The sequence of mapping and ablation is shown in Figure 1. The left ventricle was mapped during sinus rhythm to identify the low-voltage (<1.5 mV) area of infarction.2 The catheter was then placed at a region where pace mapping produced a QRS morphology similar to a previously induced VT and/or where the S-QRS interval exceeded 40 ms, indicative of conduction delay.4 VT was then initiated by programmed stimulation. Entrainment was performed at the site, followed immediately by application of the first RF lesion if the site was a reentry circuit isthmus, defined as entrainment with concealed fusion with an S-QRS interval <70% of the VT cycle length and a postpacing interval—VT cycle length difference <=30 ms.1 If the site was not an isthmus and VT was stable, further mapping continued during VT. If an isthmus was not identified for a stable VT, other reentry circuit sites, such as outer or inner loops,1 were targeted.

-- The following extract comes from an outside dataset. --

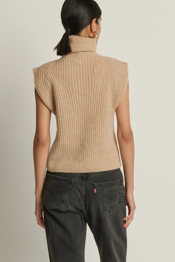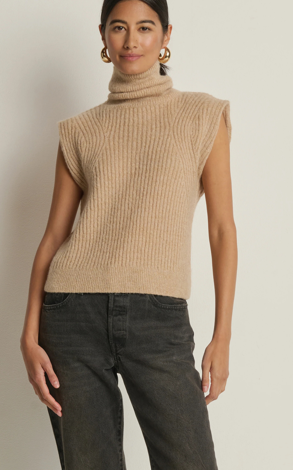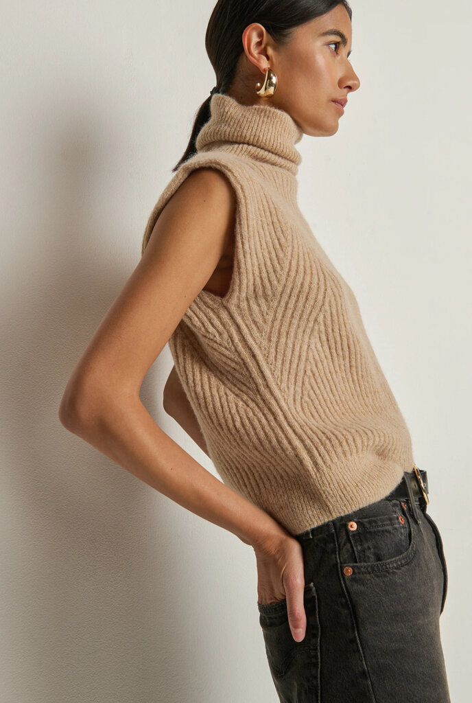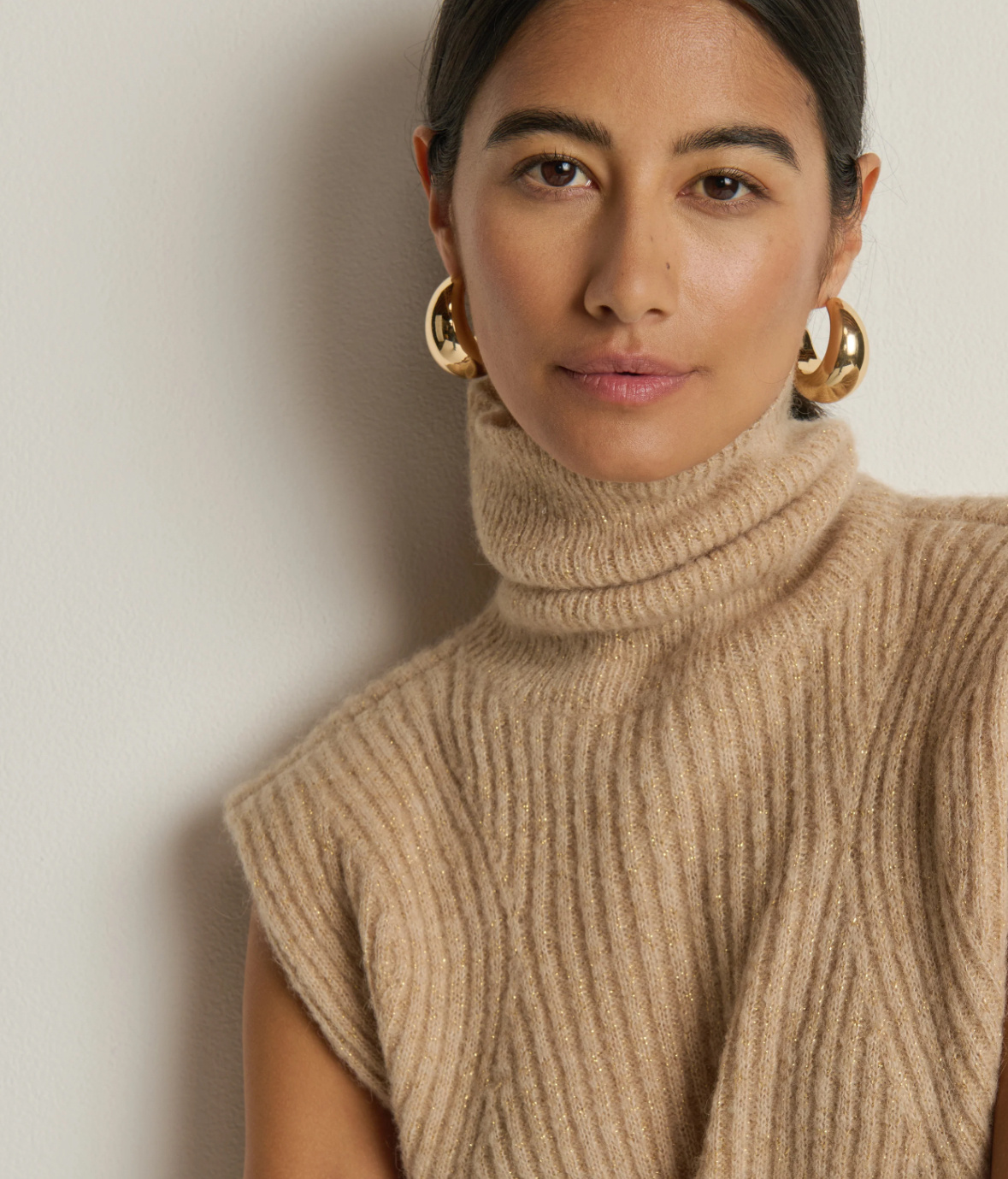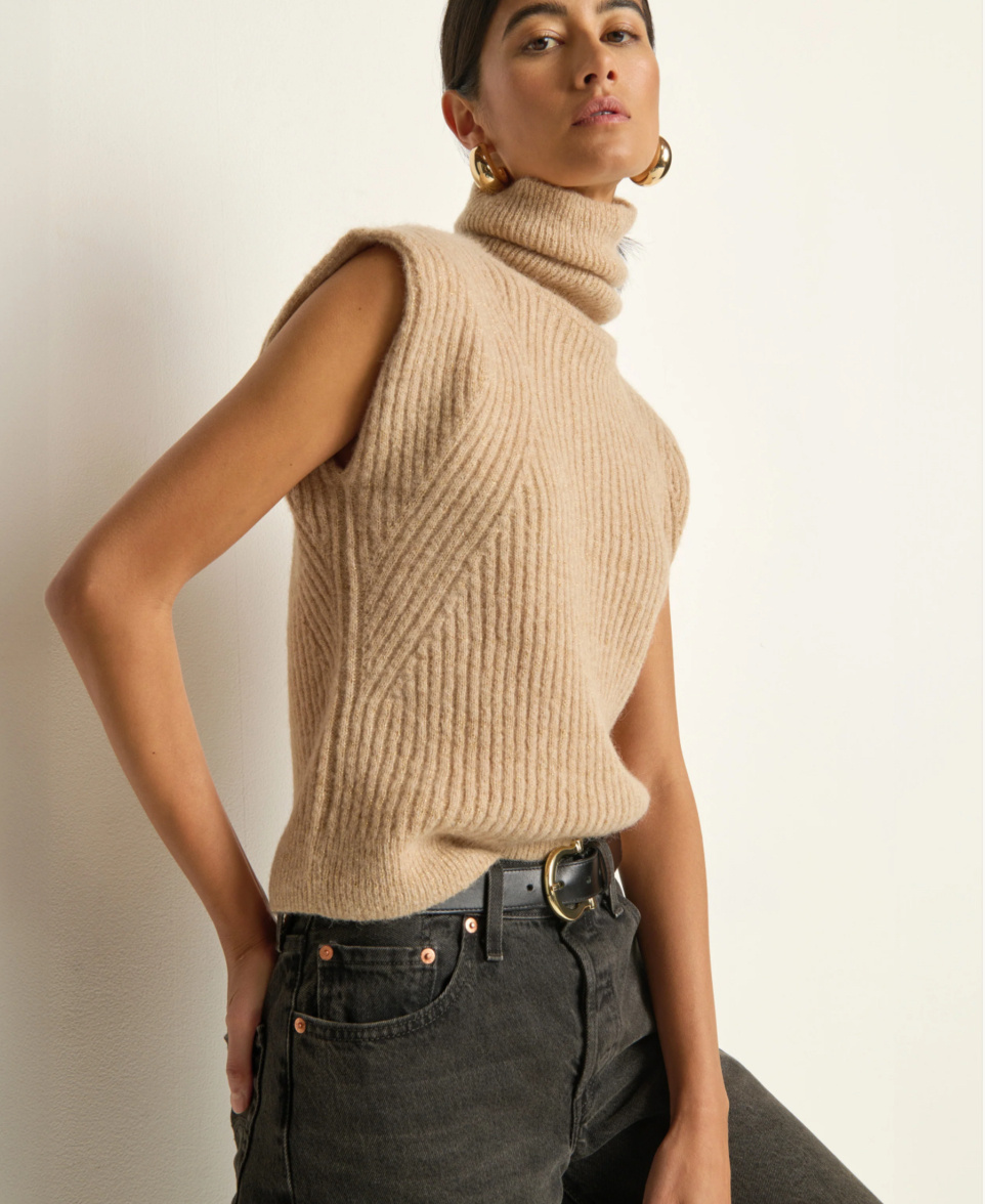 The Isha Turtleneck Tank plays it cool with quiet texture and undeniable presence. Knit from alpaca yarn in our signature fit, its ribbed pattern adds subtle depth, while the turtleneck and sleeveless turnback shoulders bring soft structure with a hint of edge—plus just enough warmth, with none of the bulk.

If the induced VT was unstable, RF ablation, rapid pacing, or cardioversion terminated it. Further mapping was then performed during sinus rhythm, and the initial ablation region was selected based on the pace-mapping QRS morphology and conduction delay (S-QRS interval >40 ms).1,4 If the initial VT was incessant (8 patients), the sinus rhythm map was obtained after VT was terminated by ablation; ablation sites were excluded from the subsequent voltage map.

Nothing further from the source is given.